What I’ve Noticed the Third Time Around

I’m out of breath when I reach the top of the stairs - today, that’s all that’s left of my most recent COVID infection (my third, that I know of). Based on rounds one and two, I expect this fatigue might last a month or two. I try to not fall into an anxious spiral over this quite yet, or over worse outcomes, and focus on catching up on the things I missed in my life while isolating for a week. I’m doing my laundry and filling out my planner. 

One of my partners recently remarked that people don’t need more facts about COVID. It’s year five. To put it bluntly, we know this shit. We’ve already adjusted our behaviour to the extent we are willing to in order to account for the “facts.” I do think that in my circles - perhaps in your circles, if you’re reading this - we know to take care of one another fiercely and question all messaging from neoliberal capitalist authority, including when they effectively say, “this virus isn’t a big deal, feel free to drop precautions.” We know to do our own research and share information that will keep us safe.

I certainly think there’s also a wider discussion about the ways the population at large has been failed by horrid government negligence (which in my estimation amounts to mass violence) when it comes to information availability, preventative measures, and accessibility to prophylactics - tests, masks, vaccinations, paid sick days, housing, food, childcare, and so on.
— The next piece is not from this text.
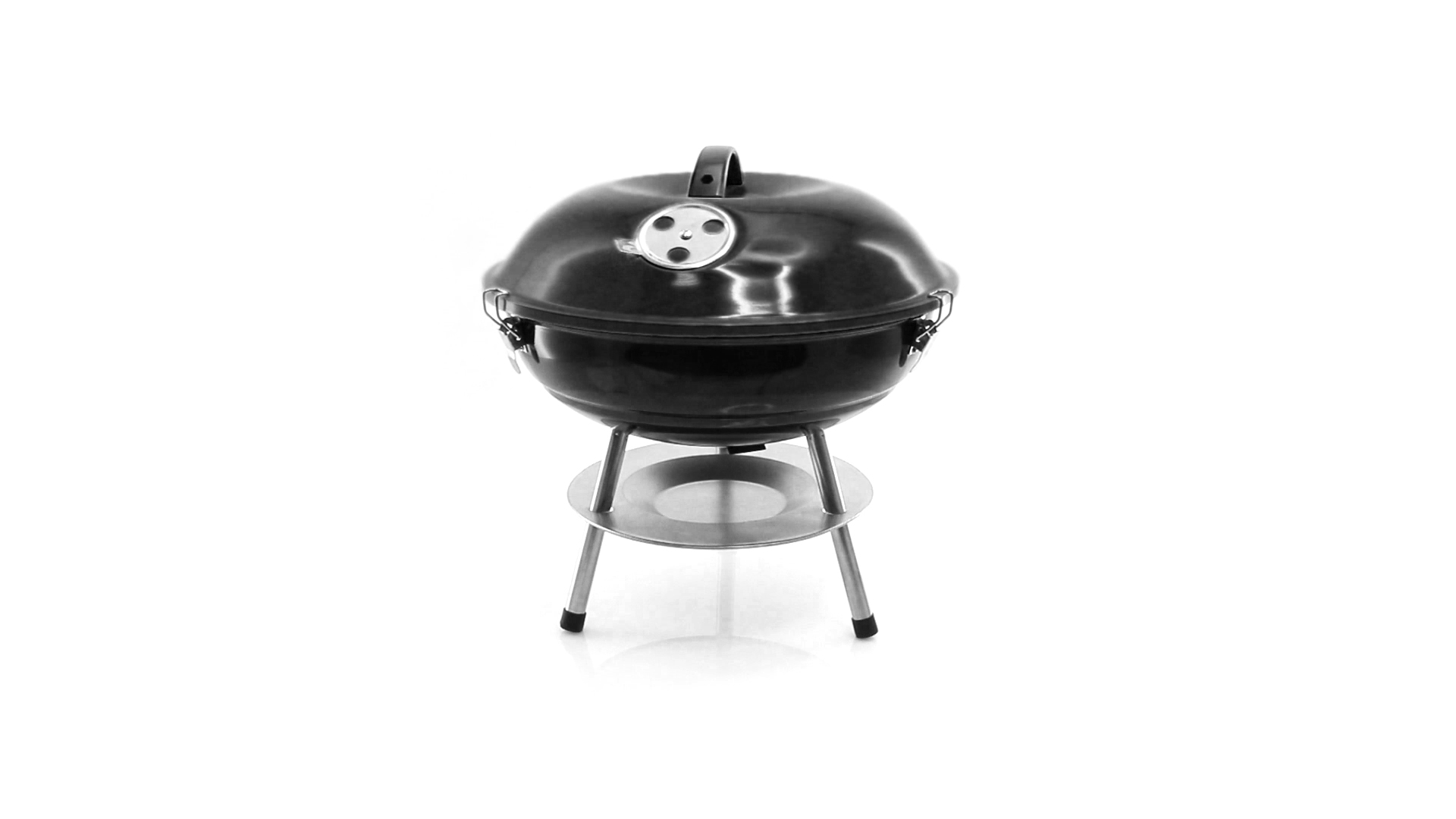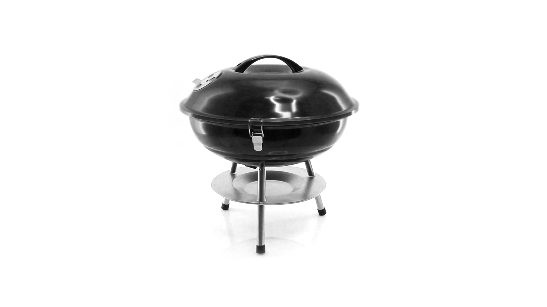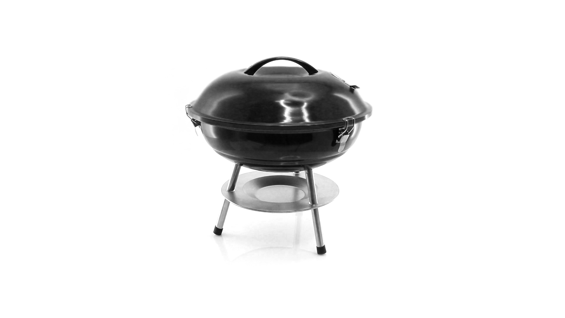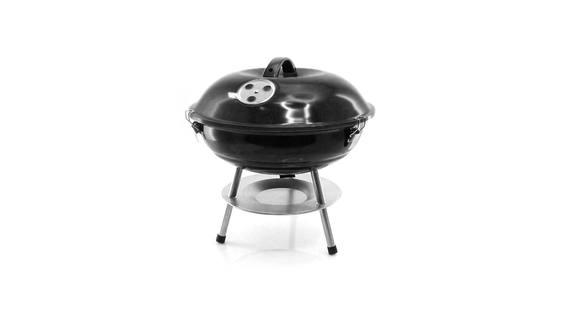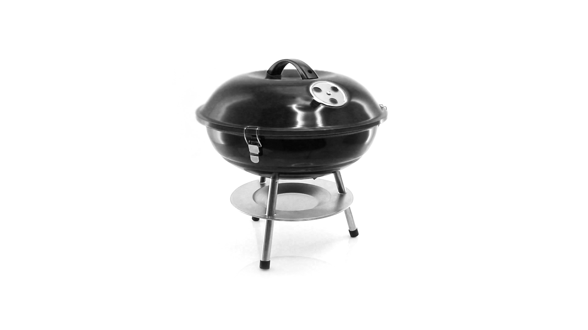 Grill aus widerstandsfähigem Kohlenstoffstahl mit schwarzer Oberfläche. Deckel mit komfortablem Griff und Lüftungslöchern, mit Metallgitter, Tropfschutzplatte und rutschfesten Füssen. Präsentiert in einer attraktiven Designbox.

The heartbreak of this leadership failure is palpable, even devastating, but predictable. The heartbreak of community indifference and inaction, however, isn’t something I’m truthfully yet able to process fully. 

I don’t think sharing facts or using persuasive tactics is the right thing for me to do anymore when it comes to COVID advocacy. Other folks do this better (I offer a short list of such people and resources at the end), and I’m not sure my attempts have been very effective before. 

What I’d like to do instead is offer some observations and tell you what I noticed. I am partial to the literary theories that implicate both author and reader in the meaning making of a text. Maybe these messages can meet you where you’re at, and I’ll offer you a role in shaping what, if anything, they can be for you.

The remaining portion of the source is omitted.